To be a bigger success, broadband deployment initiatives should expand to include a wider array of families so it’s not just those with kids getting subsidized school lunches, said Free Press Research Director Derek Turner. The product costing about $10 monthly now should instead be free, he said. “If they were really concerned about getting everyone online, they would offer a free broadband product.” At $10, cable ISPs are “still making a huge profit,” said Turner, whose group wants broadband service to be classified a Title II telecom service. But $10 “is an attractive price point” for broadband, he said. Increasing programming prices (CD June 10 p1) have meant cable operators’ profit margins for selling video have declined, and to make up for that the companies have been raising prices for broadband and for bundled packages, said Turner.
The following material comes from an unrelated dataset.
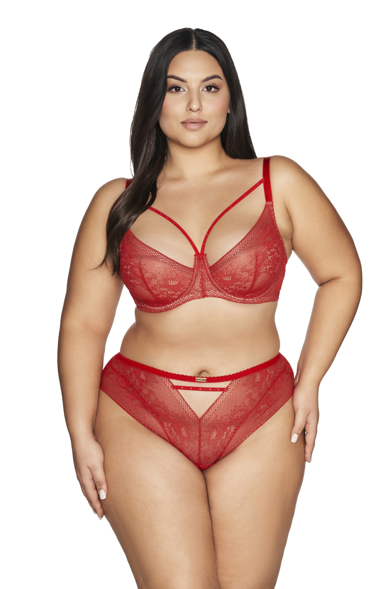 Бюстгальтер А 2127 выполнен на основе бюста 1030 на косточках, чашки шитые, нижняя часть на тонком поролоне телесного цвета, верхняя из телесной сетки, сложенной вдвое. Чашечки идеального кроя красиво моделируют бюст, деликатно прикрывая соблазнительные, женственные формы, огненно-красное кружево, присыпанное золотой пылью, подчеркивает соблазнительно круглый вырез, а причудливые тонкие несъемные бретели с кристаллами в вырезе придают чувственный характер. Пояс кружевной продублирован телесной сеткой. Бретели не отсегиваются, регулируются по длине, фурнитура металлическая цвета розового золота. На спине застежка-удлинитель на 2 крючка. Бюстгальтер идеально комплектуется трусиками арт. 2127, 2128, 2252.2127 PU бюст
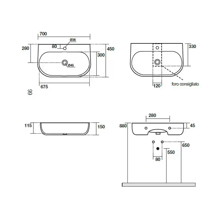 Kerasan Nolita Раковина 70х45 см, 1 отв., цвет: белый

Average peak connection speeds have tripled in the past five years, Powell said in the opening speech. “But like everyone, we want to deliver more. We want every American to have access to broadband.” Cable operators sell broadband to rich and poor alike, and those in rural and urban areas, he said. “We don’t cherry pick.” The operators “serve everyone throughout our footprint,” Powell said. Eighty-five percent of homes can buy broadband with speeds of at least 100 Mbps, he said. “Many people like to denigrate” U.S. broadband compared to other countries like France and Latvia that are smaller geographically and population-wise, said Powell. “Our challenges are different, but our results are nonetheless impressive.” Ten of the world’s top-15 speed regions are in the U.S., he said.

Cox emphasizes how getting broadband relates to a potential subscriber’s life, said the spokeswoman. “Relevance is a really important factor.” There “are definite positive impacts from the Internet that can help both with educational outcomes as well as economic improvement.” Apart from price, relevance is a “big piece” of digital-divide barrier, she said. Other individual operators and NCTA had no comment for this article.

NCTA members in practice aren’t fully committed to an open Internet, said Turner. He cited Comcast’s decision to not count toward since-discarded bandwidth caps the company’s own video sent to Xboxes. “It’s a little bit early for the NCTA and cable operators to say they're on the side of angels when it comes to net neutrality,” said Turner. Much of operators’ spending has gone toward set-top boxes and cable modems, not broadband service improvements such as by connecting fiber directly to homes, he said. “Cable hasn’t expanded their rural deployments at all.”